■ About this task:
Use the entries below and reproduce exactly the lines from the one containing "열쇠고리 크기의 아티스트" down to the one containing "Entre los chicos", both of them included.

---------- Given records

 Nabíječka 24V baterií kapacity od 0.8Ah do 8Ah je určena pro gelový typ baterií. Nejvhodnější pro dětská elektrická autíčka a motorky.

--------------------
---------- Given records

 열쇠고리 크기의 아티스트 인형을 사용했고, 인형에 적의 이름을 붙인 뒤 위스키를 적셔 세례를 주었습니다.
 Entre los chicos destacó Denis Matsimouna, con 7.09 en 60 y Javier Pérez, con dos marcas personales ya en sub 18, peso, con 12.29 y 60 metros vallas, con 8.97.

--------------------

■ Written answer:
 열쇠고리 크기의 아티스트 인형을 사용했고, 인형에 적의 이름을 붙인 뒤 위스키를 적셔 세례를 주었습니다.
 Entre los chicos destacó Denis Matsimouna, con 7.09 en 60 y Javier Pérez, con dos marcas personales ya en sub 18, peso, con 12.29 y 60 metros vallas, con 8.97.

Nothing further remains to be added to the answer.